И ты, о, мать моя, как плачешь ты над сыном?
Твой золотой фазан во рву томится львином.
И мнится, слышу я звенящий голос твой,
Надрывный, жалобный, как похоронный вой.
Ты в трауре идешь по городу, и зданья,
Как эхо, отдают камням твои рыданья.
И граждане, твой крик узнав издалека,
Невольно шепчутся: «Как скорбь ее тяжка!»

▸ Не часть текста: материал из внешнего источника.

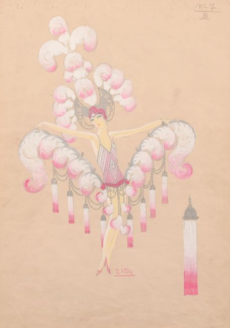 Louis Gaudin (1882-1936) French, two watercolour and pencil drawings of Art Deco costumes, signed 'Zig', one 18"x12" the other 18"x9" (2).
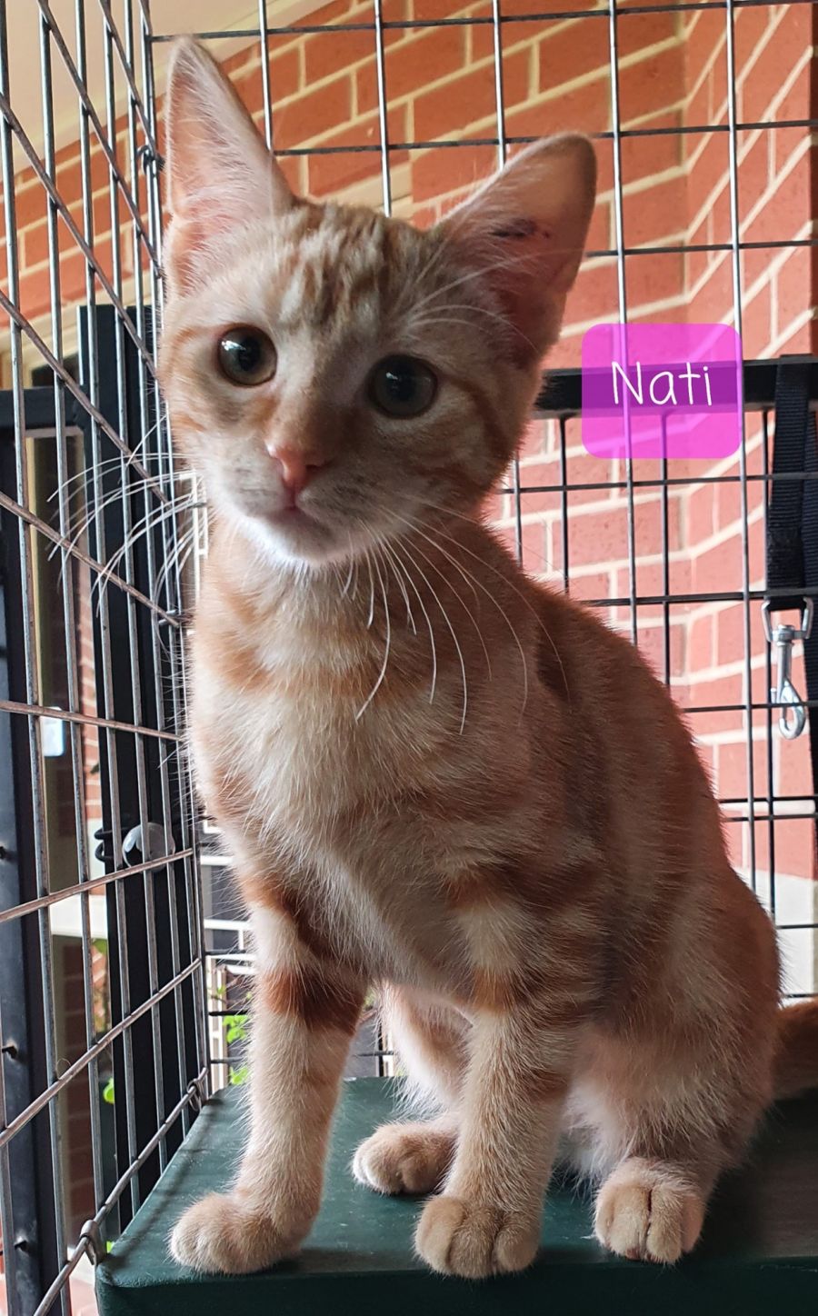 Nati goes to her new home flea and worm treated, desexed, microchipped and had his first vaccination. Her adoption fee is $250.

И вопрошает гость с сочувствием во взоре:
«О, женщина, скажи в каком ты страшном горе?» —
«Какое горе? Знай — убита роком мать,
Ей сына милого уж больше не обнять».
Ямбы
1
«Его язык — клеймо железное, и в венах
Его не кровь, а желчь течет».
Двенадцать долгих лет с долин благословенных
Поэзии сбирал я мед.
Сот золотой я нес, и можно было видеть
По прежним всем стихам моим,
Умел ли с Музою я мстить и ненавидеть.
И Архилох,{386} тоской томим,
Отцу невесты мстя, излил бичами ямба
Безумье нежное свое;
Но я не из груди предателя Ликамба
Для мести выдернул копье.
О, знайте! Молнии с моей сверкают лиры
За родину, не за себя;
И хлещут бешено бичи моей сатиры,
Лишь справедливость возлюбя.
Пусть извиваются и гидры и питоны,
Железом их, огнем клейми.
Их истребив дотла, воздвигнув вновь законы,
Мы снова станем все людьми!
2
Убийца прячется под фонарем в тумане
И пьет вино, тоской томим.
Но мы, свободные, для наших злодеяний
Неслыханных найти заране
В веках бессмертие позорное хотим.
Преодолели мы теченье черной Леты.
Забвение — не наш удел.
И вечность судит нас, мы ей дадим ответы,
И празднично так разодеты
Все эти улицы — улики наших дел.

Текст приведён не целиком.